The weight and bias are learnable parameters adjusted during training. During training, these parameters are adjusted with backpropagation to minimize the output error of the neural network. The layer is fully connected, meaning each input neuron is connected to each output neuron.
It’s often used with non-linear activation functions to capture complex patterns in data. In PyTorch, a linear layer is created with nn.Linear, specifying input size (in_features) and output size (out_features).
nn.Linear takes two required arguments:
in_features: the size of each input sample (i.e., the number of input features) out_features: the size of each output sample (i.e., the number of output features) You create a linear layer in PyTorch like this:
import torch.nn as nn fc = nn.Linear(in_features=10, out_features=5)

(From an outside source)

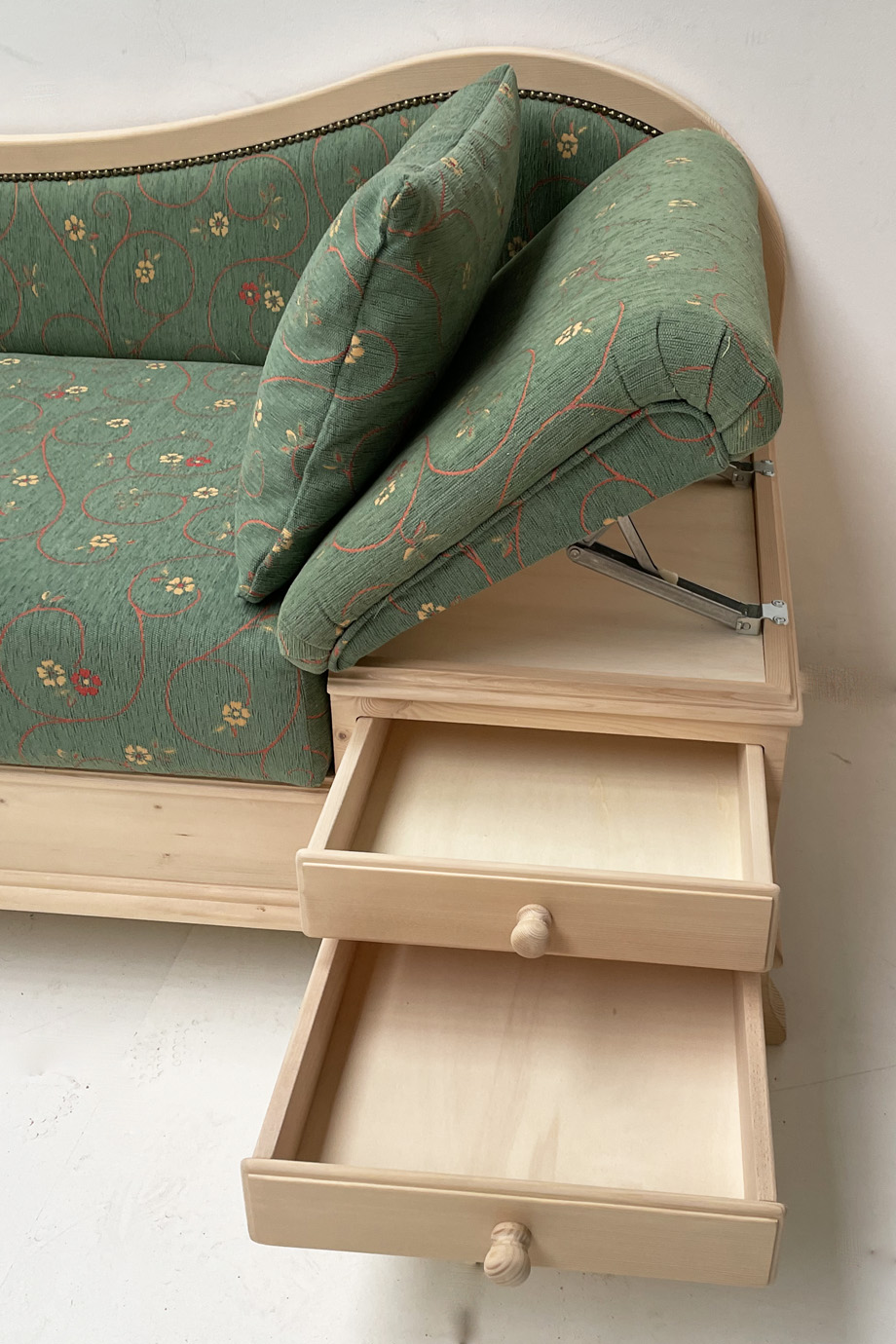 Sofa Liege Garmisch, Kopfteil rechts, Pöchlarn Ranke grün, 38 Lagerstoffe preisgleich

fc is a fully connected or linear layer. It takes in a vector of size 10 and outputs a vector of size 5. The actual transformation it applies to the data
will depend on the values of the weight matrix and bias, which are randomly initialized and then learned through training.
In the context of neural networks, these linear layers are often stacked with activation functions in between them, creating a multi-layer perceptron (MLP) model.